O prefeito Mauro Mendes (PSB) confirmou que a concessionária de água e esgoto, CAB Ambiental, que desde 2012 tem a outorga dos serviços na capital, sofrerá intervenção por parte da prefeitura. A medida foi anunciada durante coletiva ontem, e foi tomada a partir de um relatório de auditoria de 70 páginas feito com dados sobre a atuação da empresa.
Mauro Mendes apresentou, na ocasião, o decreto de intervenção que entrou em vigor ontem. Agora, cabe à Câmara de Vereadores dar, ou não, o aval final para o início da medida. O presidente da Câmara Júlio Pinheiro, na presença de outros 10 vereadores, afirmou que a pauta entra em votação ainda hoje.
Com isso, a novela da concessionária que se arrasta desde 2014 pode chegar ao fim. Os trabalhos de intervenção, que ficarão sobre a direção do até então secretário de Obras Marcelo de Oliveira (que deve ser exonerado do atual cargo), serão realizados nos próximos 180 dias, podendo ser prorrogado.
Nesse período, nenhum pagamento será feito à concessionária. Além disso, os diretores da CAB Cuiabá serão afastados dos respectivos cargos enquanto durar o período de intervenção.
Para o prefeito Mauro Mendes, a decisão foi tomada após um “trabalho minucioso”. O ato de intervenção foi elaborado pela Procuradoria Geral do Município, por recomendação da Agência de Serviços Públicos Delegados de Cuiabá (Arsec). Mendes afirmou que uma das saídas mais viáveis é que o Grupo Galvão, dono da CAB, venda a empresa para um novo investidor. No entanto, caso não haja saída, a prefeitura afirmou que tentará todas as medidas possíveis para evitar batalhas judiciais intermináveis.

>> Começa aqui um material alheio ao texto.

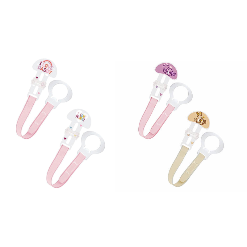 Το σετ κλιπ πιπίλας από τη MAM με ύφασμα “I ♥ Daddy / I ♥ Mommy” σε ροζ χρώμα, προσφέρει ασφαλή και πρακτική στήριξη για πιπίλες αλλά και κρίκους οδοντοφυΐας. Είναι εύκολο στη χρήση, με ρυθμιζόμενο μήκος και απαλό ύφασμα, ιδανικό για την ευαίσθητη επιδερμίδα του μωρού.

Marcelo de Oliveira terá que apresentar em 30 dias um plano emergencial, com ações e investimentos para aumentar a produção de água. No mesmo prazo, ele deve elaborar um relatório contendo os principais indicadores financeiros, operacionais e de investimentos.
Além disso, será realizada uma nova auditoria na CAB Cuiabá para apurar os contratos e pagamentos feitos e se as tarifas e recursos arrecadados estão sendo corretamente empregados. Se houver irregularidades, o interventor poderá pedir a caducidade da concessão, ou seja, o rompimento do contrato.
Segundo o procurador-geral do Município, Rogério Gallo, vários indícios de irregularidades teriam sido encontrados na auditoria.
“Percebemos, por exemplo, que a concessionária tem quatro anos de resultados negativos, mas paga premiações altíssimas aos diretores; até 2015 foram R$ 2 milhões”, disse.
O procurador também pontuou “indícios de fraude” em um contrato em que a CAB Ambiental recebia R$ 435 mil ao mês para prestar assistência técnica para a CAB Cuiabá. Além de duplicidade de pagamentos, haveria pagamentos a empresas que não existem e a contratação de sucessivos empréstimos inclusive para pagar a outorga de R$ 115 milhões, tendo onerado o fluxo de caixa da concessão nos quatro primeiros anos em R$ 138 milhões.
No índice de endividamento geral, a CAB tem 100,8% dos seus ativos em dívidas. “A empresa sequer tinha dinheiro para pagar pela exploração dos serviços. As irregularidades são graves, pois se trata de dinheiro das nossas tarifas. Não se gasta dinheiro de concessionária como se quer”, disse Gallo.
O relatório de auditoria aponta que, nos três primeiros anos, a concessionária teria deixado de investir R$ 177 milhões que deveriam ter sido aplicados na questão da água tratada e do esgoto.
Para o presidente da Agência Municipal de Regularização de Serviços Delegados (Arsec), Alexandre Bustamante, outros relatórios já feitos pela agência apontavam “inconformidades” nos serviços prestados pela CAB Cuiabá. “Se atitudes não forem tomadas pelo prefeito, o sistema de água e esgoto entra em colapso”, afirmou Bustamante.
OUTRO LADO – Procurada, A CAB Cuiabá informou que iria se posicionar ainda ontem sobre o assunto – o que não ocorreu até o fechamento desta edição, às 20h10.